Instructions to follow -> In the records below, find the line containing "We've had such" and the line containing "ECD unit and crude oil". Give again exactly those lines and every line between them, omitting the pictures.

Extracted material ->
______________________________

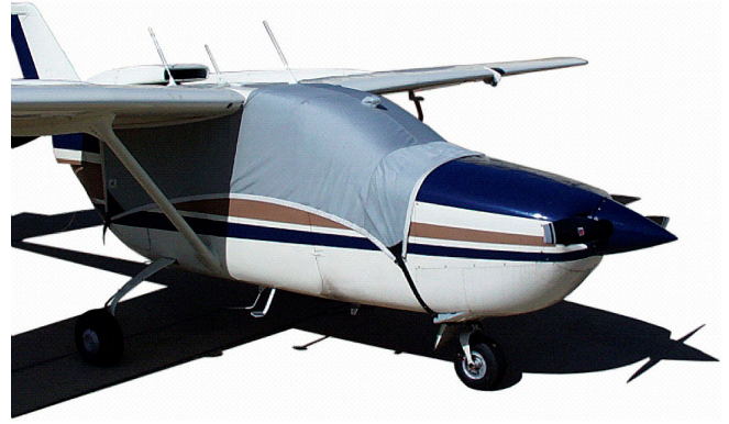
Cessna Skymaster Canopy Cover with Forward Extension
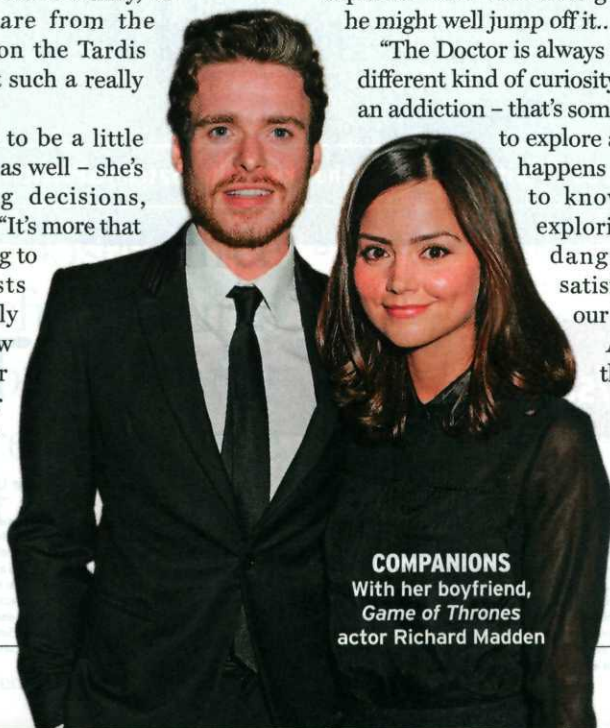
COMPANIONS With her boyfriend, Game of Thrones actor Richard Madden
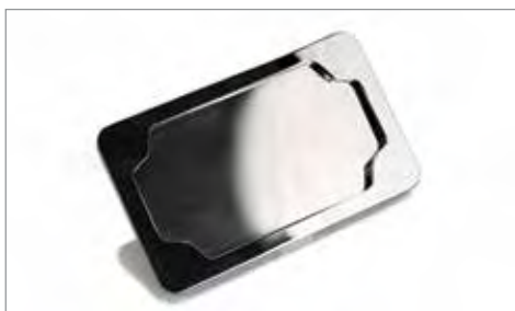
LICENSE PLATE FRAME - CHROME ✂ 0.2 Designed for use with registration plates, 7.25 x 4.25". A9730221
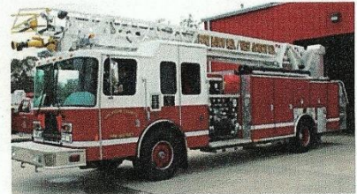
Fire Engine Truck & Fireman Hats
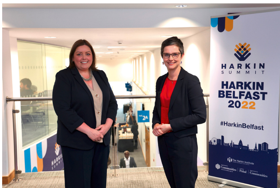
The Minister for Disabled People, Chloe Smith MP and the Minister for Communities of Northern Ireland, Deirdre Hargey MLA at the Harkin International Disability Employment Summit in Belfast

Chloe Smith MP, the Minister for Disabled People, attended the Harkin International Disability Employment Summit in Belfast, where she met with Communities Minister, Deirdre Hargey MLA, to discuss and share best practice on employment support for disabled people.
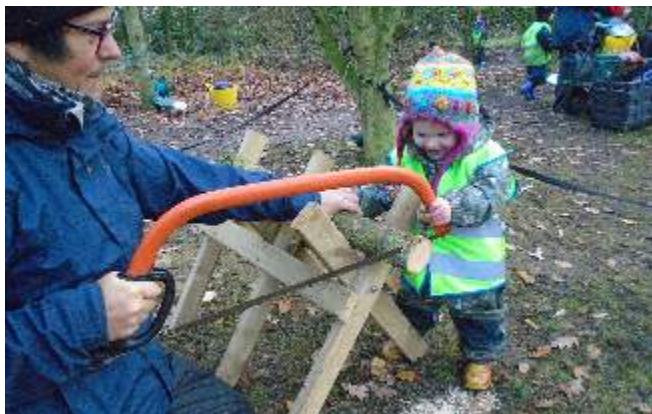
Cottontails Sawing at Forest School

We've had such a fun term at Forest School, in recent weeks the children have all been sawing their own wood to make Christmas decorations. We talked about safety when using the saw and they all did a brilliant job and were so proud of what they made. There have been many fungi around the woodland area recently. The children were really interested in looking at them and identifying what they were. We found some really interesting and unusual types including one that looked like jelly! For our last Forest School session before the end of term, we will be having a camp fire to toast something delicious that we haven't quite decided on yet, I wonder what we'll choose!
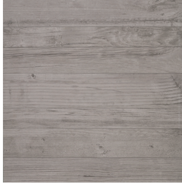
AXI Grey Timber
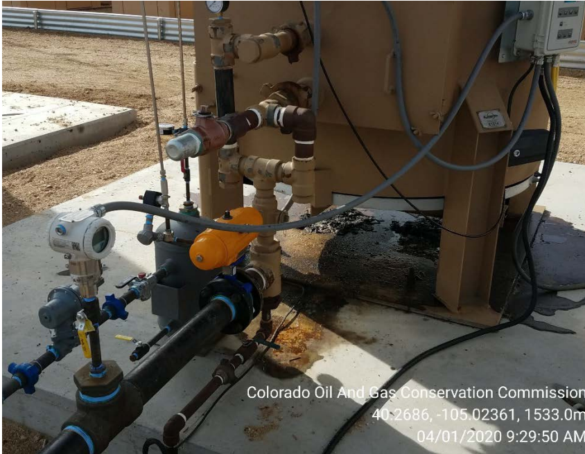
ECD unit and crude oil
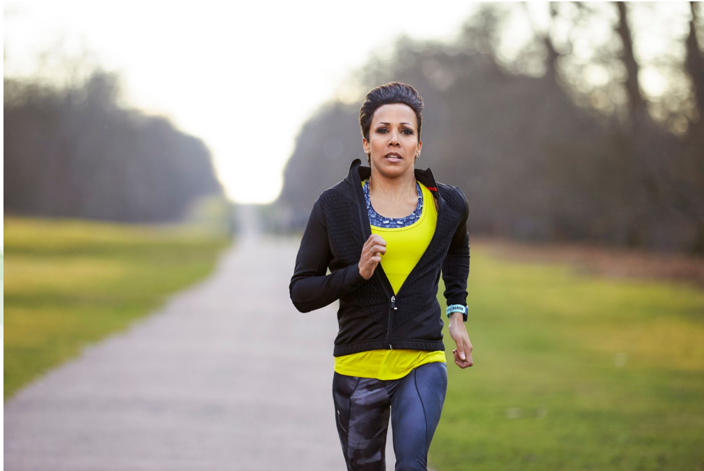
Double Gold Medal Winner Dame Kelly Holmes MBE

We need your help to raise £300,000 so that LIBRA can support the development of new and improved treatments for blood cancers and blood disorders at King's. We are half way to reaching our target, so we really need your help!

______________________________

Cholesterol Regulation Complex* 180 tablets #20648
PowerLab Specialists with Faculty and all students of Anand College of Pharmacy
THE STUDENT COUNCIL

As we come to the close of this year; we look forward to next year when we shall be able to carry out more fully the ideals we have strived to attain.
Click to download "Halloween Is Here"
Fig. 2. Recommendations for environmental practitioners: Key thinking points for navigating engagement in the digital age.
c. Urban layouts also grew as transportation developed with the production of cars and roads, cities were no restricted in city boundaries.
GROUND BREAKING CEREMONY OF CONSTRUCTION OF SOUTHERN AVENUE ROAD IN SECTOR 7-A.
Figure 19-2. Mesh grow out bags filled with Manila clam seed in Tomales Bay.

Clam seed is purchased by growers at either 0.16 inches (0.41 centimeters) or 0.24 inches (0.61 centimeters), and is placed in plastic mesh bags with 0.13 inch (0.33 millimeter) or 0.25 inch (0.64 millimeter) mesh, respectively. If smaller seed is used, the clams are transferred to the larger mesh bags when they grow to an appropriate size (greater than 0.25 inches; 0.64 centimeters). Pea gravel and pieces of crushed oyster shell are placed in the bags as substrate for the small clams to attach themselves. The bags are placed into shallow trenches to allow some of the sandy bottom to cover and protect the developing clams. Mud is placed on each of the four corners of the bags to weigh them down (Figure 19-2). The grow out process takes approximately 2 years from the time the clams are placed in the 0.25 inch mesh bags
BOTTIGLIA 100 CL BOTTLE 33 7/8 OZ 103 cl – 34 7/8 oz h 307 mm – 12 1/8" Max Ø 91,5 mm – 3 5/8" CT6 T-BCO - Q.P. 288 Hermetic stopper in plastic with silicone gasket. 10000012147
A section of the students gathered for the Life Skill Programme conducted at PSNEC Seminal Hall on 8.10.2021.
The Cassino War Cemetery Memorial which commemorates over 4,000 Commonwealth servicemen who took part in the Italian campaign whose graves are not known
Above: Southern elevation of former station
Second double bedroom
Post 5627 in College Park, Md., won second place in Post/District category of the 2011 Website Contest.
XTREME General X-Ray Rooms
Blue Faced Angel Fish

______________________________

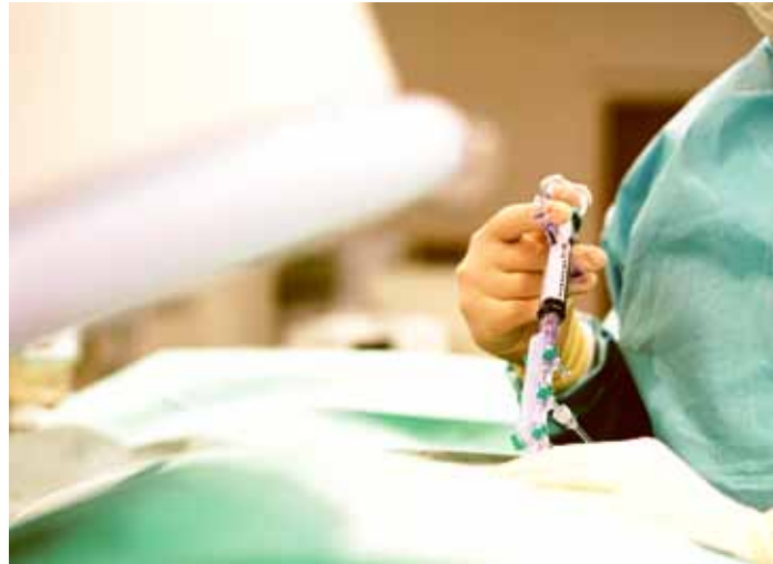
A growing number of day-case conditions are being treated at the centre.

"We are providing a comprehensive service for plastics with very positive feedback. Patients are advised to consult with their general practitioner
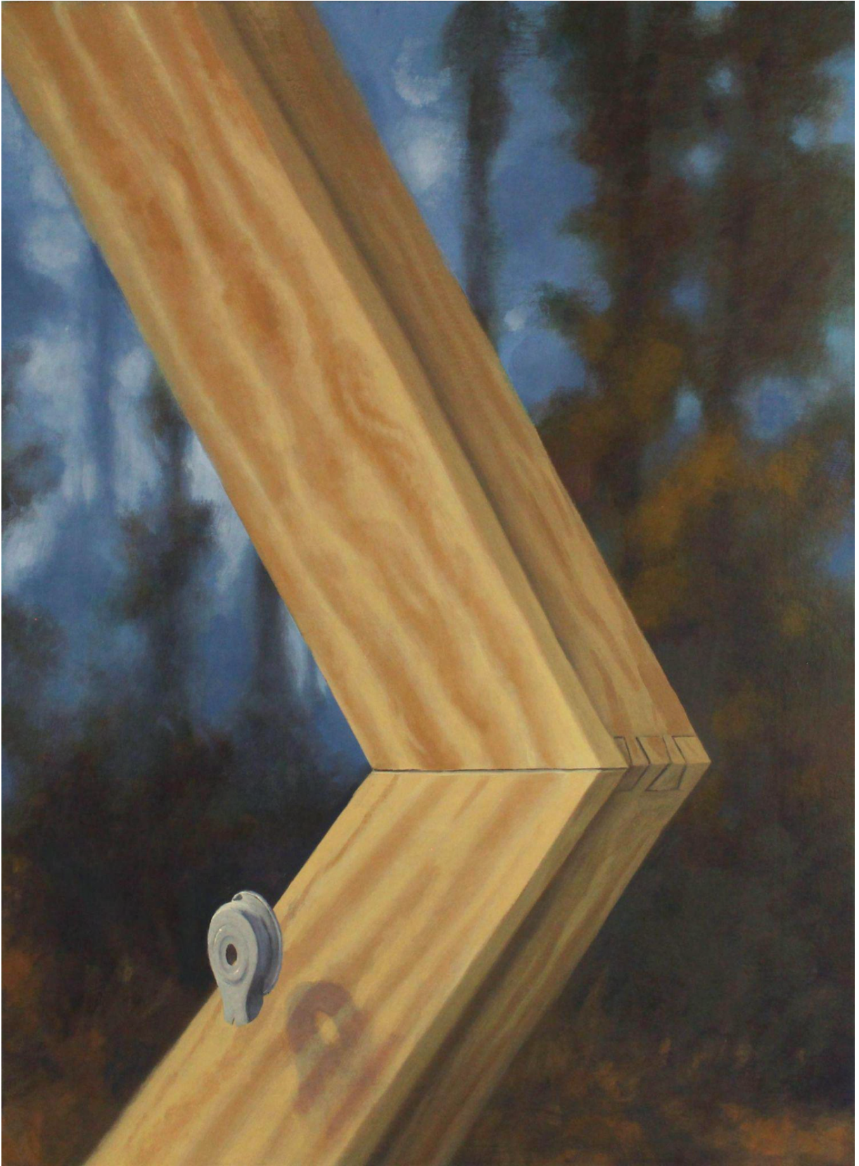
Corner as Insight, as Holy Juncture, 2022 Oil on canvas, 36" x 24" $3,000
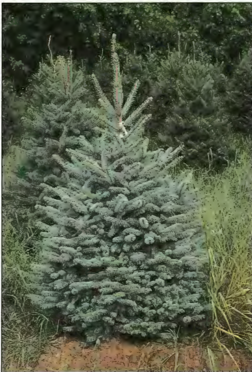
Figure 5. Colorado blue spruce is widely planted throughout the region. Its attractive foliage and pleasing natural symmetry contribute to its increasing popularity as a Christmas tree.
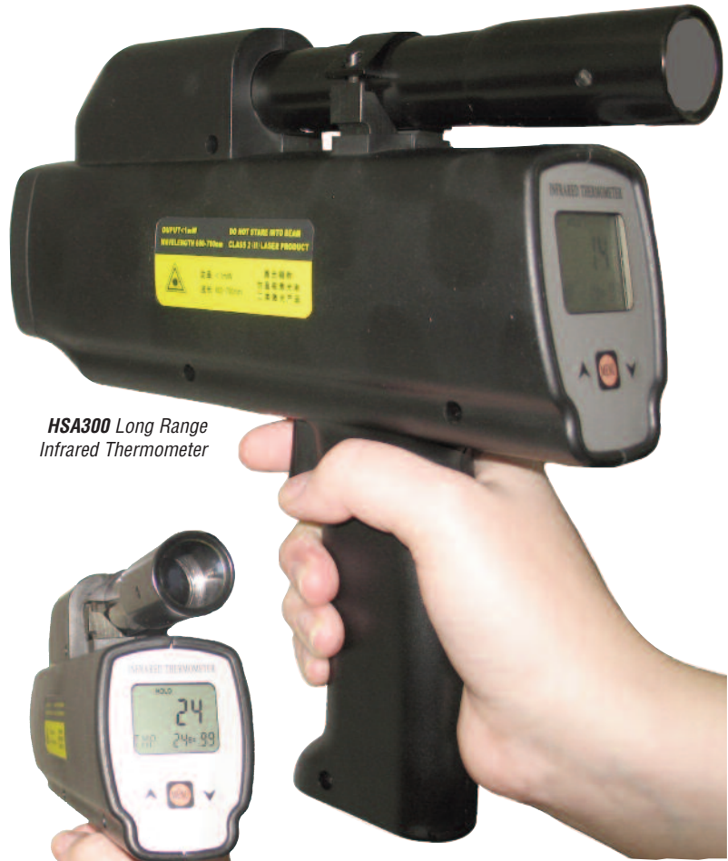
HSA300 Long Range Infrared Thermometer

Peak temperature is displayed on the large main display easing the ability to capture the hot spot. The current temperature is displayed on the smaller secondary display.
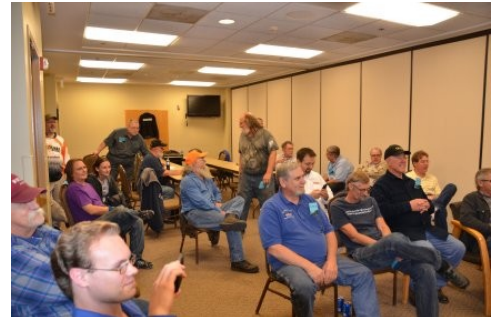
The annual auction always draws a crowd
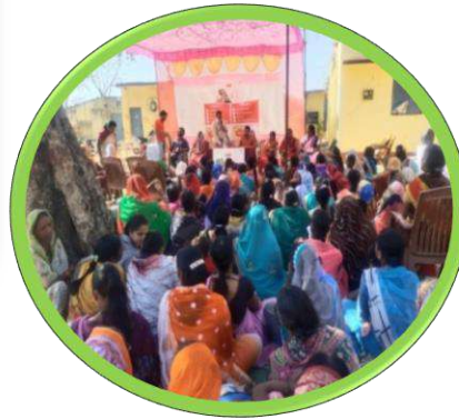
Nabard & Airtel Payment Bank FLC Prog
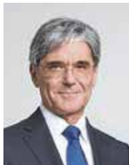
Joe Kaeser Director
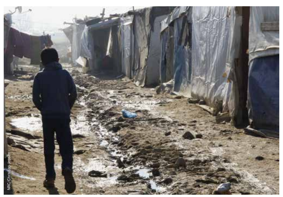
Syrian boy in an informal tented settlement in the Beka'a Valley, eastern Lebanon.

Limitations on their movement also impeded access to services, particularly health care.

______________________________

Result ->
We've had such a fun term at Forest School, in recent weeks the children have all been sawing their own wood to make Christmas decorations. We talked about safety when using the saw and they all did a brilliant job and were so proud of what they made. There have been many fungi around the woodland area recently. The children were really interested in looking at them and identifying what they were. We found some really interesting and unusual types including one that looked like jelly! For our last Forest School session before the end of term, we will be having a camp fire to toast something delicious that we haven't quite decided on yet, I wonder what we'll choose!
AXI Grey Timber
ECD unit and crude oil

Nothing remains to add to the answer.